“Vários estudos no Brasil dizem que de 70 a 80 por cento das mulheres que tiveram seus filhos por uma cesárea queriam um parto normal no começo da gravidez. Ou seja, algo acontece ao longo da gestação que determina esse tipo de fechamento”. Esse foi o ponto de partida para Heloísa de Oliveira Salgado, que em sua dissertação de mestrado “A experiência da cesárea indesejada: perspectivas das mulheres sobre decisões e suas implicações no parto e nascimento”, tratou do processo que leva a uma cesárea e as consequências dessa imposição no pós-parto. Além disso, ela também buscou descrever o conceito de cesárea indesejada, já que, na comunidade científica, essa expressão não é muito comum. “Esse era um termo que era corriqueiramente utilizado nas mídias sociais, quando se usava mais cesárea desnecessária, para se referir à mulher que sofreu o procedimento sem uma indicaçao clara”, explica.
Atráves das mídias sociais, em comunidades e grupos de discussão online, Heloísa encontrou diversas mulheres que não haviam tido o parto da forma como desejaram inicialmente e estavam dispostas a compartilhar suas histórias de maneira bastante detalhada. A partir desses depoimentos, Heloísa constatou a presença do que é chamado de violência obstétrica, durante todo o processo do pré-natal, parto e pós-parto. “Violência obstétrica é a violência institucional que a paciente sofre durante a atenção ao parto. Muitas das mães dizem ter sofrido desde negligência até violência física”, explica.
A cesárea indesejada vai além da decepção pelo parto normal que não ocorreu, envolve também o desrespeito aos direitos e desejos da mulher (fonte: Arquivo Pessoal)

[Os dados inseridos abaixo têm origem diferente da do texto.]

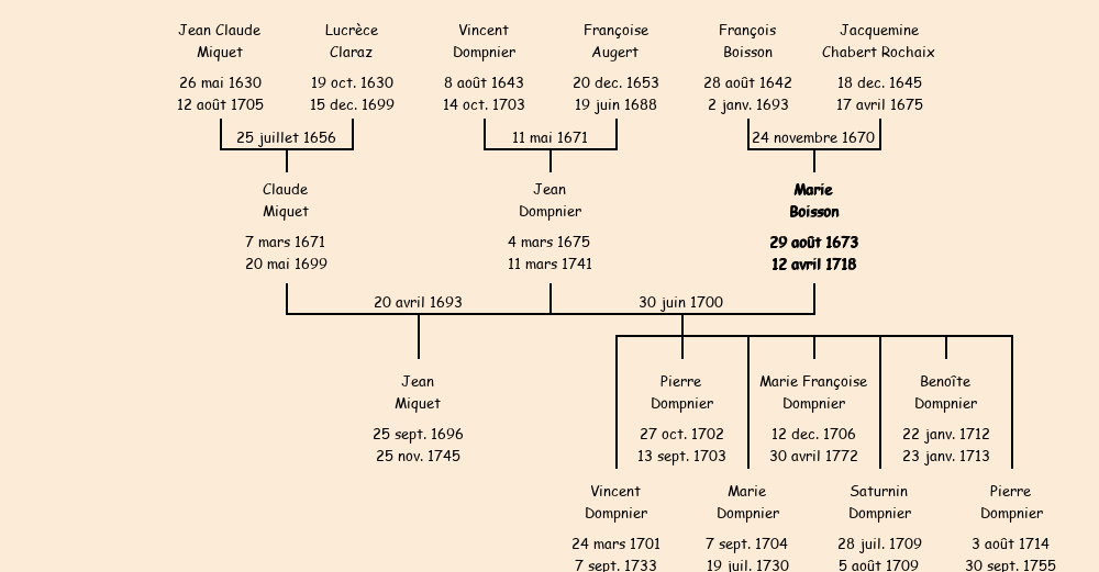 Epouse : Marie Boisson (veuve de Claude Miquet fils de Jean Claude), fille de feu François |

Dentre todas as violências físicas relatadas por essas mães, a pesquisadora enumera as três mais frequentes e, por isso, mais relevantes. São elas: a mulher estar com as mãos amarradas quando tem o primeiro contato com seu bebê; ficar sozinha, abandonada no pós-parto imediato, em total desrespeito à Lei do Acompanhante e, por fim, ser sedada no pós-parto, muitas vezes sem ao menos o comunicado de tal intervenção. Acrescentadas ao fato de uma césarea indesejada, todas essas formas de violência obstétrica levam a consequências emocionais diretas após o nascimento, que são, muitas vezes, agravadas pela falta de compreensão da sociedade. “Essas mulheres sentem que não estão autorizadas a sentir essa tristeza, já que sua família, rede de amigos e profissionais que as acompanham questionam o motivo de sentimento, já que elas e o bebê estão bem e saudáveis”, explica Heloísa.
Muitas das mulheres contam que conseguiram superar a frustração e o “luto” pelo parto normal que não ocorreu quando tiveram um parto normal em uma gestação seguinte ou ajudando outras mulheres a se informar. “É interessante também que a maioria das mulheres que eu entrevistei amamentaram prolongadadamente. Uma delas inclusive disse que decidiu procurar o apoio e a informação necessária para a amamentação como forma de se vingar da forma do parto que ela desejava, mas não teve”, aponta a pesquisadora.
Para Heloisa, o que fica é o olhar de como a assistência à mulher está organizada, de acordo com as necessidades da instituição e dos profissionais, e não da mãe e do bebê. Ela enfatiza também a necessidade de combater a violência obstétrica, que um quarto das mulheres dizem ter sofrido. “A assistência precisa ser segura, para que as mulheres tenham uma experiência de parto boa, satisfatória e saudável, e não que elas saiam dessa experiência traumatizadas e inseguras. Essa experiência ruim acaba resultando em outras experiências ruins, com as consequências no pós-parto”.